FDA approves a generic version of Teva Pharmaceutical's best-selling drug; company shares tumble
Teva Pharmaceutical Industries gets a major blow: The FDA approves a rival company's generic version of Teva's top-selling multiple sclerosis medicine.
Teva Pharmaceutical Industries, grappling with a tough pricing environment for its generics business and planned layoffs of 7,000 employees worldwide, received a major blow Wednesday.
The Food and Drug Administration approved rival Mylan Labs' generic version of Teva's best-selling multiple-sclerosis drug.
Teva is the world's largest maker of generic pharmaceuticals, but its branded medicine Copaxone is the company's best seller, accounting for $1.02 billion of a total $5.63 billion global sales, or 18.1 percent, in the second quarter of this year.
Mylan shares closed up 16.2 percent, or $5.27, to $37.80, while Teva's stock fell 14.59 percent, or $2.74, to $16.08 on Wednesday.
"Lightning has struck," pharmaceutical analyst Ken Cacciatore of Cowen & Co. wrote in a client note. "Mylan has achieved what it had been unable to do over the last seven years, which was garner an approval for Copaxone."
Mylan said in a statement that shipping was imminent for its generic Glatiramer Acetate 40-milligram three-times-a-week injection and its 20-milligram once injection.
Multiple sclerosis is a chronic disease of the central nervous system and affects an estimated 400,000 Americans.
The approvals "mark another significant milestone for our company," said Mylan CEO Heather Bresch in a news release, "and reinforces our proven capabilities in bringing complex and difficult to manufacture products to market."
Teva responded that "any launch by Mylan of a generic version of Copaxone 40-milligram prior to final resolution of the pending patent appeals and other patent litigation should be considered an 'at-risk' launch, which could subject Mylan to significant damages among other remedies."
Teva's interim president and CEO, Yitzhak Peterburg, said Teva has planned for the eventual introduction of a generic competitor.
"We remain confident in patient and physician loyalty to Teva's Copaxone due to its recognized efficacy, safety, and tolerability profile," he said, "and we will continue to promote and support the product." Teva said it was "too soon to officially comment on any change to our full-year business outlook."
Israel-based Teva's North America headquarters are in North Wales, Montgomery County. Teva employs more than 2,000 at five locations in Pennsylvania.
Mylan Labs is based in Canonsburg, Pa. The FDA said on Monday that it planned to introduce new measures to speed up bringing generic versions of complex drugs to market, as the government agency tries to deal with the rising cost of prescription medicines in the United States.

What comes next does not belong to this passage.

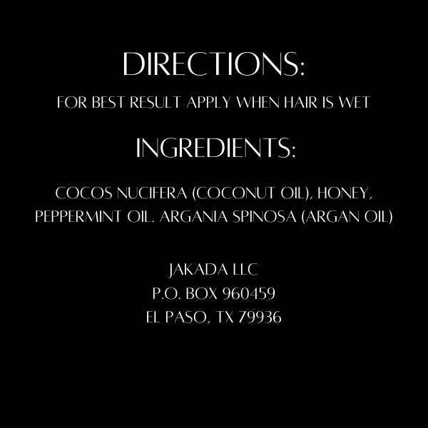 Apply a palm full of Conditioner and massage in scalp throughout hair shaft. Place shower cap on hair and let hair steam under heat or with hair dryer for 45 minutes. Then rinse thoroughly under warm water. For best results, use w/ Jakada Shampoo & Jakada Butter.
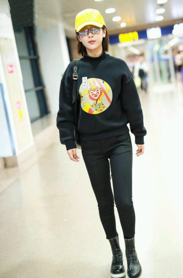杨紫身穿黑色小高领卫衣,胸前的图案真的是猴子孙悟空,搭配黑色紧身裤和黑色的直筒靴,戴亮黄颜色的棒球帽,戴镭射镜面圆墨镜,挎着单肩小黑背包,既是酷女孩又是幼稚园小朋友。

In a statement, Teva said it has two appeals that will be argued before a panel of judges on the U.S. Court of Appeals for the Federal Circuit. Teva said its early assessment of generic glatiramer acetate product launches is that its shares could be impacted "by at least 25 cents a share in the fourth quarter ending Dec. 31." Teva said it will provide additional details on its third-quarter earnings conference call on Nov. 2.
In a client note, Cacciatore said "the approval of Mylan's 20 and 40- milligram Copaxone is the long-feared scenario that has now come true." At the same time, another drugmaker, Momenta/Sandoz, is seeking approval of its 40-milligram generic version of Copaxone. "It will also eventually come, whether later next year or in early 2019," the analyst wrote.
Teva last month named a permanent CEO, Kare Schultz of Denmark's Lundbeck A/S, who was hired to engineer a turnaround as Teva grapples with a tough generic pricing environment.
Teva earlier announced a restructuring after spending $40.5 billion in 2015 to buy out Allergan's generic business, a move that has proven to be a drag on earnings.